More preferably, the drill bit with the core barrel is by threaded connection mode fixed connection, the link is equipped with the external screw thread, the core barrel is equipped with the internal thread.

More preferably, the length of the cylindrical inner bore is the length of the connection end plus 15 mm.

More preferably, 8U-shaped water tanks are uniformly distributed on the annular end surface of the front end.

More preferably, the drill bit is made of polytetrafluoroethylene or polypropylene material, namely PTFE or PP material.

More preferably, the drill bit has a wall thickness L1 of 7 mm at the end corresponding to the connection end, a wall thickness L2 of 17 mm at the inner cylindrical bore corresponding to the leading end, and a wall thickness L3 of 12 mm at each tooth.

The invention has the beneficial effects that:

the application of the invention can efficiently probe underground pipelines, and the probe holes have high verticality and good integrity of the hole walls, and the probe holes meeting the pipelines can be directly used as verification holes; the diameter of the exploration hole is phi 120mm, so that the down-dip pipe is convenient, and the position of the pipeline can be determined more accurately.
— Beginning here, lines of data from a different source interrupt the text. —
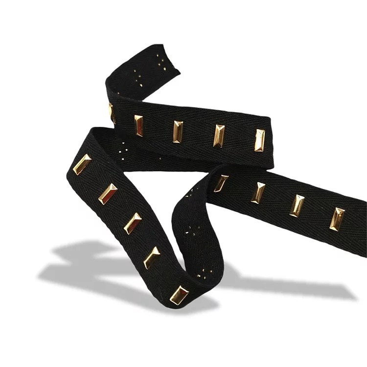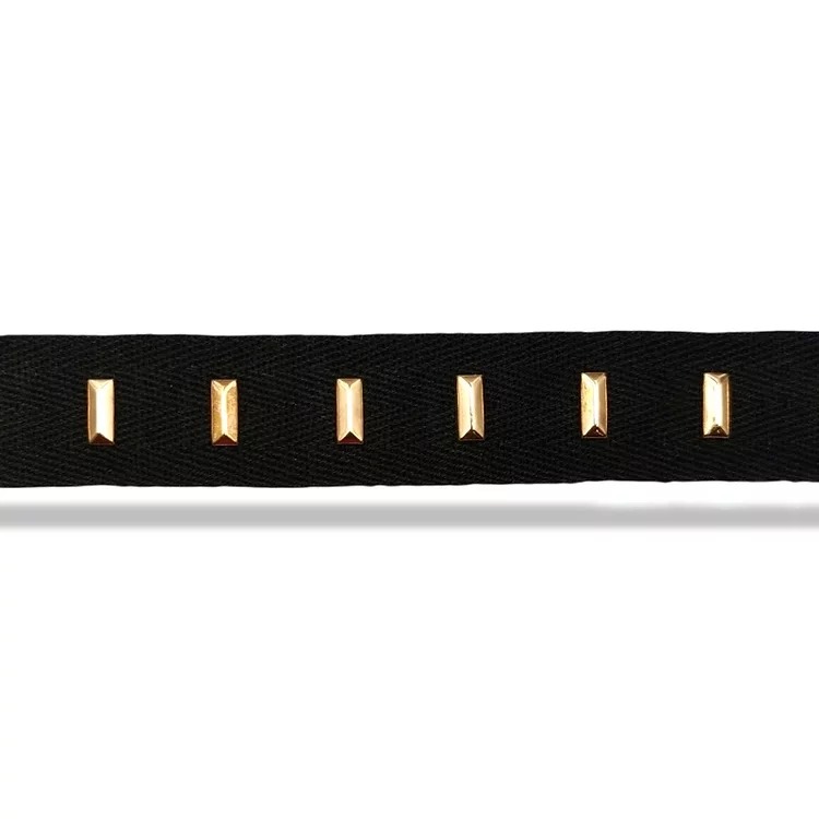 passamaneria realizzata con tessuto spigato e con borchie rettangolari e dorate a rivetto, disposte centralmente ogni 15 mm mm 2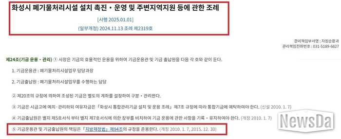 화성시의 '폐기물처리시설 설치 촉진·운영 및 주변지역지원 등에 관한 조례'에서 이미 삭제된 조항이 여전히 포함되어 있어 행정적 혼란이 우려되고 있다.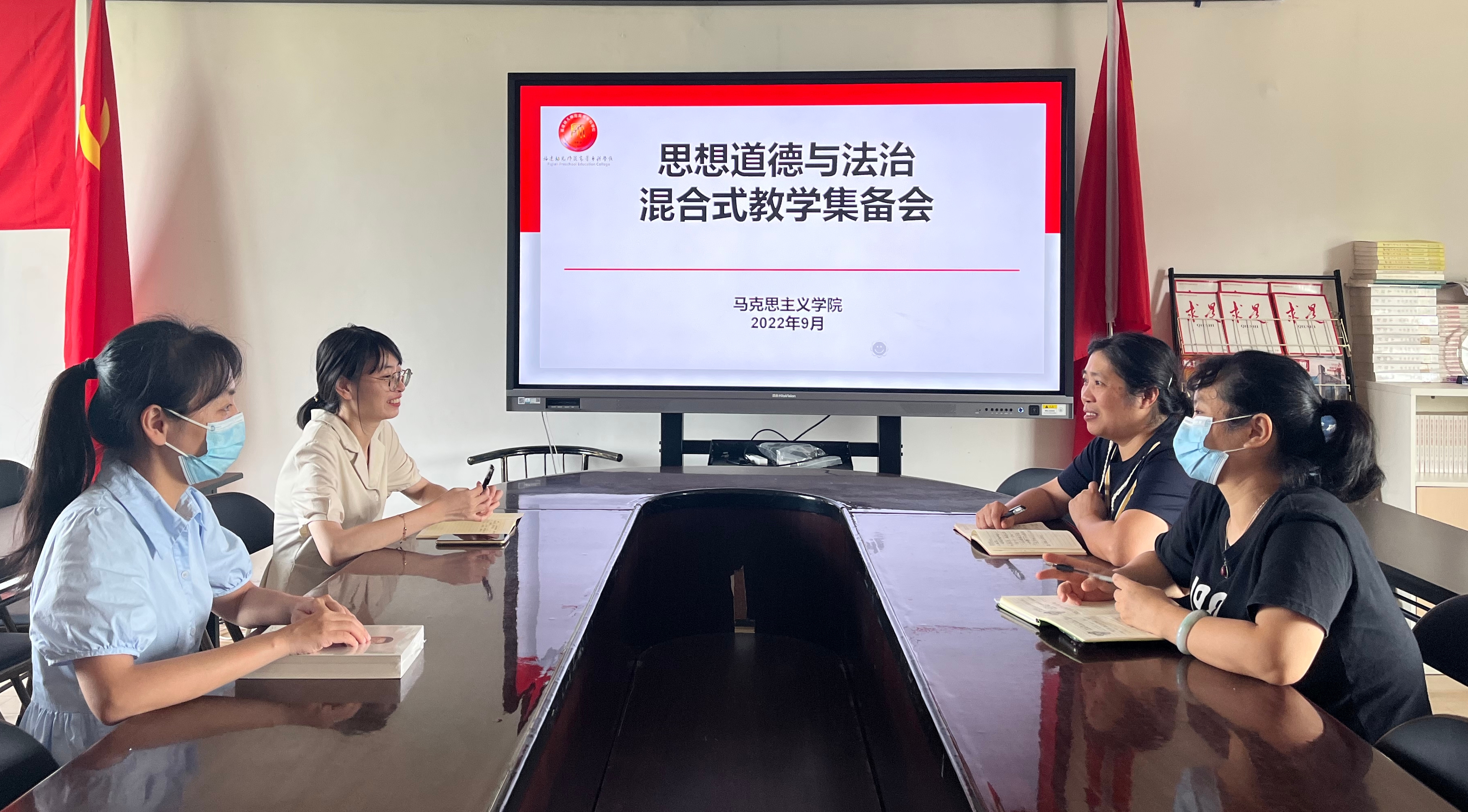 为了切实推进课程教学与信息资源深度融合,提升《思想道德与法治》课程的吸引力、感召力和实效性,增强大学生对思想政治理论课的满意度和获得感,马克思主义学院"思想道德与法治"教研室于2022年9月9日下午在院办601教研室组织开展了《思想道德与法治》课程混合式教学集备会。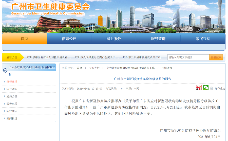 央廣網(wǎng)廣州6月24日消息(記者 張勝強)6月24日,記者從廣州市衛生健康委員會(huì )官網(wǎng)獲悉,自2021年6月24日起,廣州荔灣區白鶴洞街由高風(fēng)險地區調整為中風(fēng)險地區。其他地區風(fēng)險等級不變。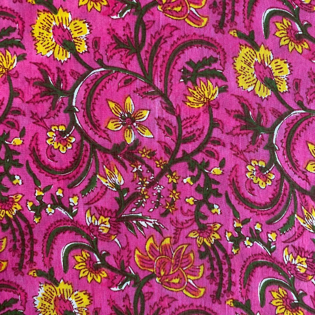 This block-printed cotton voile features a lightweight, breathable structure with a crisp drape, suitable for making garments such as airy bottoms, blouses, or dresses. The design includes large floral motifs in shades of green and yellow on a vibrant pink base.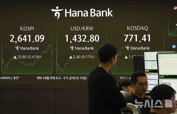 [서울=뉴시스] 김근수 기자 = 코스피가 전 거래일(2630.29)보다 10.80포인트(0.41%) 오른 2641.09에 장을 마친 26일 서울 중구 하나은행 딜링룸에서 딜러들이 업무를 보고 있다.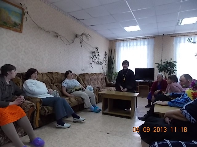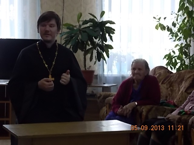 5 сентября,настоятель Ижморского храма священник Антоний Чабан встретился с пенсионерами,проходящими лечение в Муниципальном учреждении социального обслуживания. Батюшка рассказал о главных церковных праздниках сентября:Усекновении главы Иоанна Предтечи,Рождестве Богородицы и Воздвижении Креста Господня."Большинству людей,как правило,известны три церковных праздника:Рождество Христово,Крещение Господне и Пасха.Но для православных христиан важны и другие события из жизни Христа Спасителя,Богородицы и великих святых.Так 11 сентября,мы празднуем необычное,с точки зрения светского мировосприятия событие:Усекновение главы Иоанна Предтечи.Казалось бы,ну какой повод для радости? Человека,которого современники почитали,как ангела во плоти,жестоко казнили за обличение царя Ирода в блудодеянии.Разве здесь можно усмотреть нечто оптимистичное? Оказывается,да.Святой Иоанн,приняв мученическую кончину за правду Божию,тем самым засвидетельствовал,что смерть не есть уход в небытии,но рождении в жизнь вечную.И тысячи мучеников за веру,пострадавших,как в Древнем Риме,так и в годы лихолетья у нас в стране подтвердили эту истину своей стойкостью перед лицом страданий и смерти. В заключении беседы все прошли на общее фото, после чего, прощаясь, участники беседы выразили желание о продолжении таких встреч. Надеемся, что данные беседы будут иметь свое продолжение.

The conception, the specific structure and the technical effects of the present invention will be further described with reference to the accompanying drawings to fully understand the objects, the features and the effects of the present invention.

Drawings

Fig. 1 shows a schematic view of a cut-out soil section of a prior art pipeline probe using a conventional drilling method.

Fig. 2 is a schematic diagram showing a cross section of an excavated soil layer obtained by performing pipeline probing by using a water-jet method in the prior art.

Fig. 3 shows a schematic structural diagram of a plastic drill according to an embodiment of the present invention.

Fig. 4 shows a schematic structural view of the front end face of the plastic drill according to an embodiment of the present invention.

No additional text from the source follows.